A voting exclusion statement applies to this Resolution. Please see below.
Dated:
By order of the Board
Luke Watson Company Secretary
2
Voting Exclusion Statements
In accordance with Listing Rule 14.11, the Company will disregard any votes cast in favour of the Resolution set out below by or on behalf of the following persons:
| Resolution 1 – Ratification of prior issue of Tranche 1 Placement Shares |
A person who participated in the issue or is a counterparty to the agreement being approved (namely the Placement Participants) or an associate of that person or those persons. |
|---|---|
| Resolution 2 – Approval to issue Tranche 1 Placement Options |
A person who is expected to participate in, or who will obtain a material benefit as a result of, the proposed issue (except a benefit solely by reason of being a holder of ordinary securities in the Company) (namely the Placement Participants) or an associate of that person (or those persons). |
| Resolution 3 – Issue of Tranche 2 Placement Securities to Roger Mason |
Roger Mason (or their nominee) and any other person who will obtain a material benefit as a result of the issue of the securities (except a benefit solely by reason of being a holder of ordinary securities in the Company) or an associate of that person or those persons. |
| Resolution 4 – Issue of Tranche 2 Placement Securities to Stephen Power |
Stephen Power (or their nominee) and any other person who will obtain a material benefit as a result of the issue of the securities (except a benefit solely by reason of being a holder of ordinary securities in the Company) or an associate of that person or those persons. |
| Resolution 5 – Issue of Tranche 2 Placement Securities to Mark Rodda |
Mark Rodda (or their nominee) and any other person who will obtain a material benefit as a result of the issue of the securities (except a benefit solely by reason of being a holder of ordinary securities in the Company) or an associate of that person or those persons. |
| Resolution 6 – Approval to issue Newmont Placement Securities |
A person who is expected to participate in, or who will obtain a material benefit as a result of, the proposed issue (except a benefit solely by reason of being a holder of ordinary securities in the Company) (namely Newcrest Operations Limited) or an associate of that person (or those persons). |
However, this does not apply to a vote cast in favour of the Resolution by:
-
(a) a person as a proxy or attorney for a person who is entitled to vote on the Resolution, in accordance with the directions given to the proxy or attorney to vote on the Resolution in that way; or
-
(b) the Chair as proxy or attorney for a person who is entitled to vote on the Resolution, in accordance with a direction given to the Chair to vote on the Resolution as the Chair decides; or
-
(c) a holder acting solely in a nominee, trustee, custodial or other fiduciary capacity on behalf of a beneficiary provided the following conditions are met:
-
(i) the beneficiary provides written confirmation to the holder that the beneficiary is not excluded from voting, and is not an associate of a person excluded from voting, on the Resolution; and
-
(ii) the holder votes on the Resolution in accordance with directions given by the beneficiary to the holder to vote in that way.
3
Voting by proxy
To vote by proxy, please complete and sign the enclosed Proxy Form and return by the time and in accordance with the instructions set out on the Proxy Form.

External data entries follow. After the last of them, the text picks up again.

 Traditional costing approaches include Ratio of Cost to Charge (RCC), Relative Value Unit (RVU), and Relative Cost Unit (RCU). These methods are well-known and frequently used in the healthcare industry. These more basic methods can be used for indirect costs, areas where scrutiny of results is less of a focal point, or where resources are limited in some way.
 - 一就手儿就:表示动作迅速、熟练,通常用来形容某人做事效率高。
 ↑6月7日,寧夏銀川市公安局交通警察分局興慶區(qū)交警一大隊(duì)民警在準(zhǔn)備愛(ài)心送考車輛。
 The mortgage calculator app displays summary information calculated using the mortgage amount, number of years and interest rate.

In accordance with section 249L of the Corporations Act, Shareholders are advised that:
-
each Shareholder has a right to appoint a proxy;
-
the proxy need not be a Shareholder of the Company; and
-
a Shareholder who is entitled to cast two or more votes may appoint two proxies and may specify the proportion or number of votes each proxy is appointed to exercise. If the Shareholder appoints two proxies and the appointment does not specify the proportion or number of the member’s votes, then in accordance with section 249X(3) of the Corporations Act, each proxy may exercise one-half of the votes.
Shareholders and their proxies should be aware that:
-
if proxy holders vote, they must cast all directed proxies as directed; and
-
any directed proxies which are not voted will automatically default to the Chair, who must vote the proxies as directed.
Voting in person
To vote in person, attend the Meeting at the time, date and place set out above.

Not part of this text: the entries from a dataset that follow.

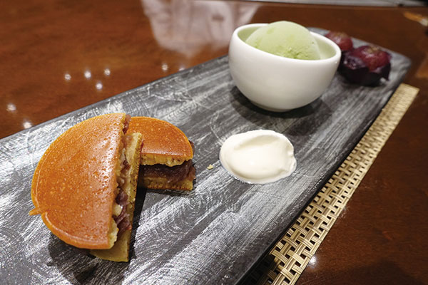 「ガーリックライス」でまったり、そしてお楽しみのデザートは、なんと目の前で焼いていただける「どらやき」。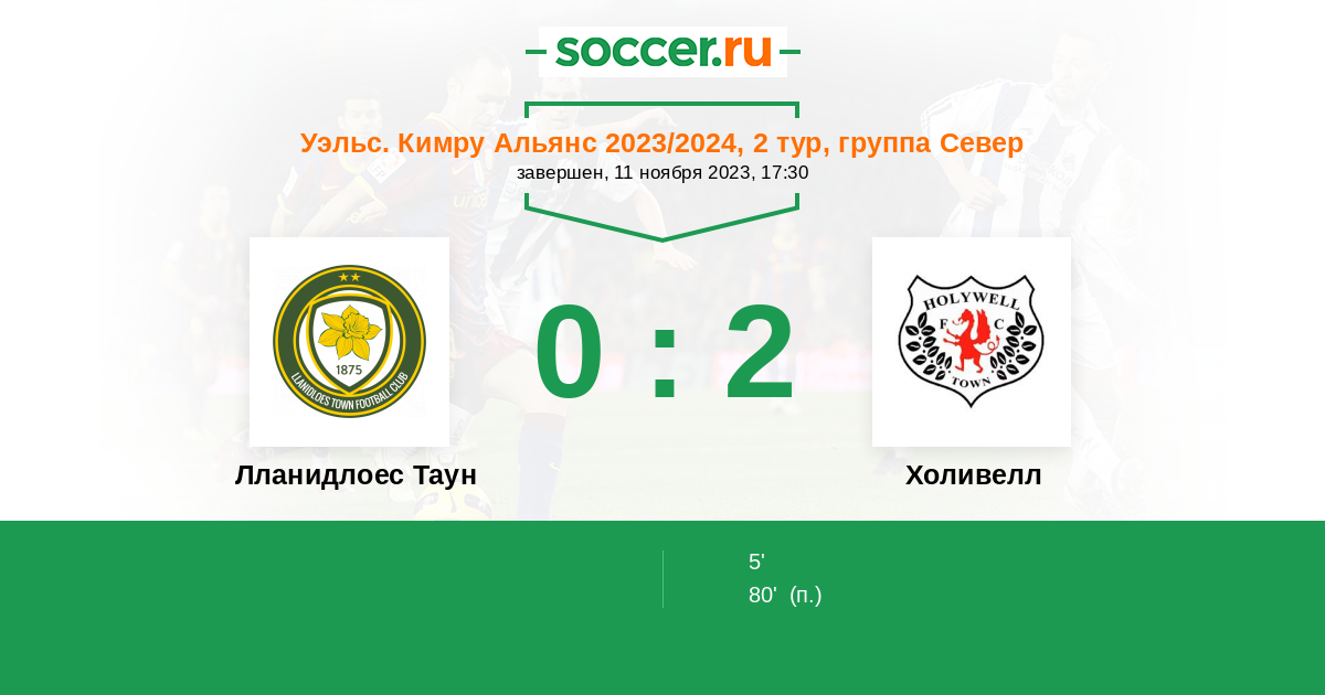 Лланидлоес Таун - Холивелл: обзор матча 11 ноября 2023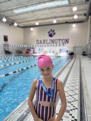 Our first through fifth grade swimmers earned their first medals for completing their first yards in the pool! Beyond learning strokes, Swim Club is all about building teamwork in an individual sport and, most importantly, having fun in the water. The program is led by Coach Shiera together with dedicated members of the varsity swim team, who serve as instructors and role models for our youngest Tigers.

Should you wish to discuss the matters in this Notice please do not hesitate to contact the Company Secretary on +61 8 9481 1103.
4
EXPLANATORY STATEMENT
This Explanatory Statement has been prepared to provide information which the Directors believe to be material to Shareholders in deciding whether or not to pass the Resolutions.

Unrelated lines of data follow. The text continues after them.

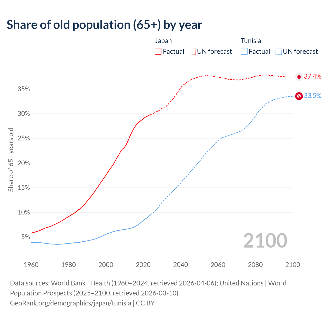 The share of older people aged 65 and over is 29.8% in Japan and 9.53% in Tunisia. Life expectancy in Japan compared to Tunisia .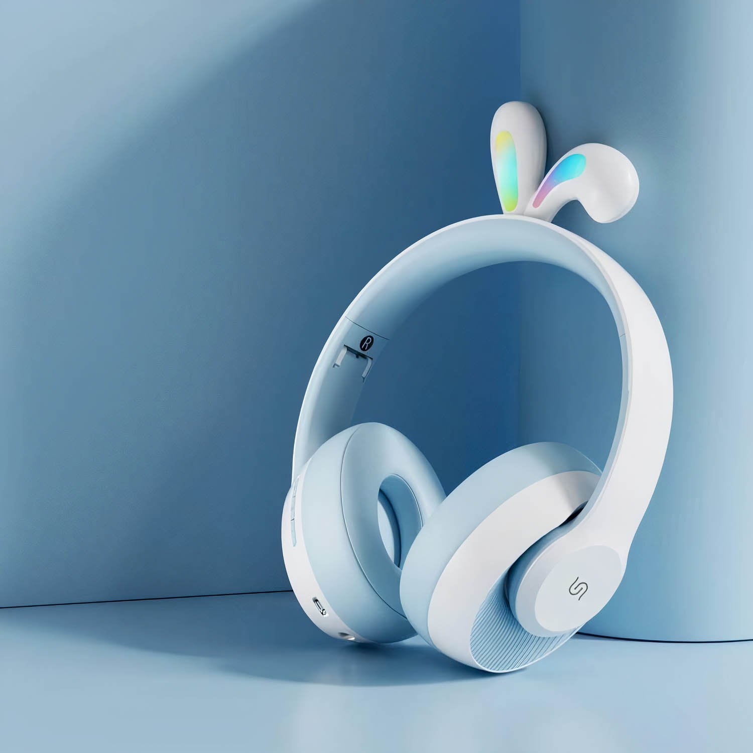 Wireless headphones specially designed for kids, made from soft and comfortable materials.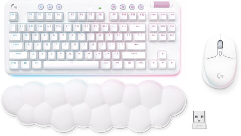 Logitech G Wireless Gaming Combo, G715 Keyboard Clicky + G705 Mouse, Customizable LIGHTSYNC RGB Lighting, Lightspeed Wireless, Bluetooth, PC/Mac/Laptop – White Mist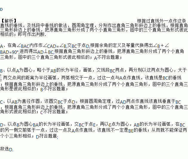 已知△ABC中,∠BAC=90°,用尺规过点A作一条直线,使其将△ABC分成两个相似的三角形,其作法不正确的是( )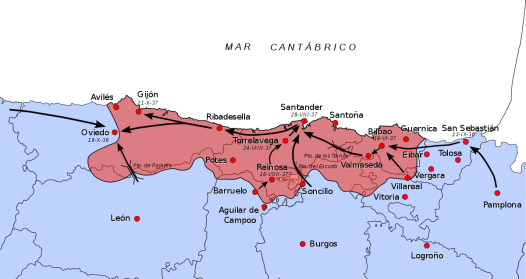 August 1937 focussed on the north. With the Basque region taken by the rebels, they turned east to take Santander in the Cantabria region. By September, the fascists again moved east again to take Gíjon in the Asturias region, with heavy mountainous battles taking place on cliffs that had kept Asturias safe from invaders for centuries. By October, Asturias was defeated by the northern army and could keep going west to claim Galicia, and Valencia is stripped of its title of capital of Spain in favour safer Barcelona. The Republican alliances of multiple militias fell apart, and many are fired from government and imprisoned, political alliances were ruined, and the dislike for the powerful communists pulled the left apart. The social revolution has suffered setbacks, including heavy battles and losses in the Aragon region, and there was breakdown of working class support in Barcelona.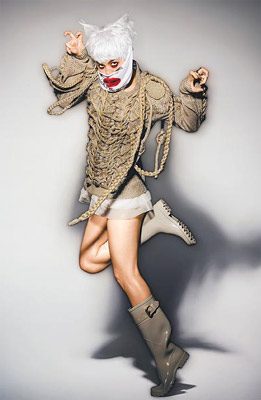 中新網(wǎng)2月24日電 Ella一直是S.H.E這3個女孩里最古靈精怪的,她在接受造型師陳孫華《孫華的想相》一書拍照時,幻化成白發(fā)、紅眼圈的個性貓女,特別的是她在BURBERRY的男性毛衣下,只套了白色罩衫和內(nèi)褲,連安全褲都沒穿,意外呈現(xiàn)個性化的性感。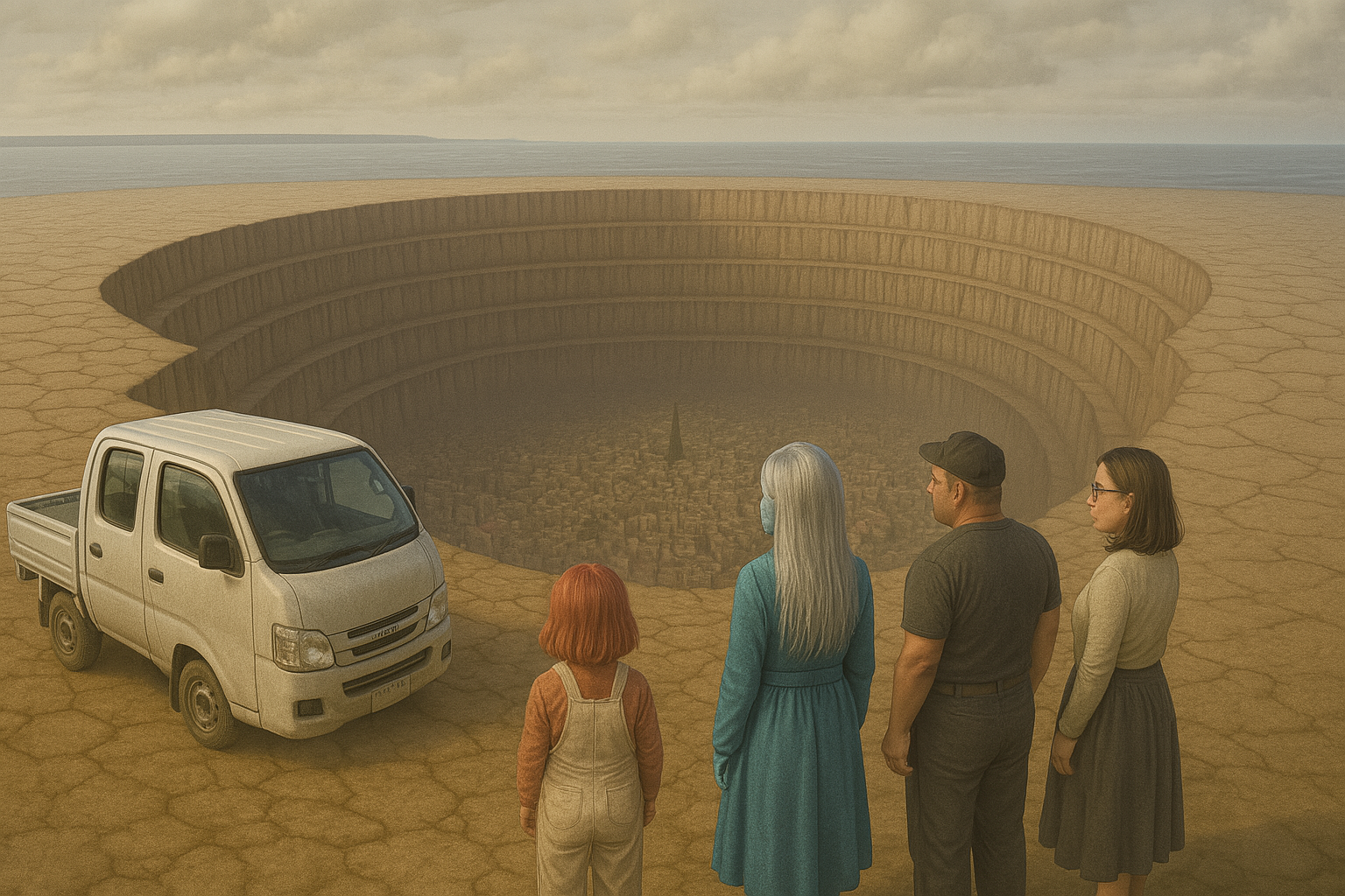 穴の底に街。階段ひとつ見当たらない。

1. BACKGROUND TO RESOLUTIONS 1 – 5
1.1 Placement
As announced on 20 June 2024, the Company received binding commitments to raise approximately $5,750,000 (before costs) through the issue of approximately 575,000,000 Shares at an issue price of $0.01 per Share ( Placement ) together with one (1) free attaching unlisted option exercisable at $0.02 on or before two years from the date of issue ( New Option ) for every two (2) new Shares subscribed for and issued pursuant to the Placement.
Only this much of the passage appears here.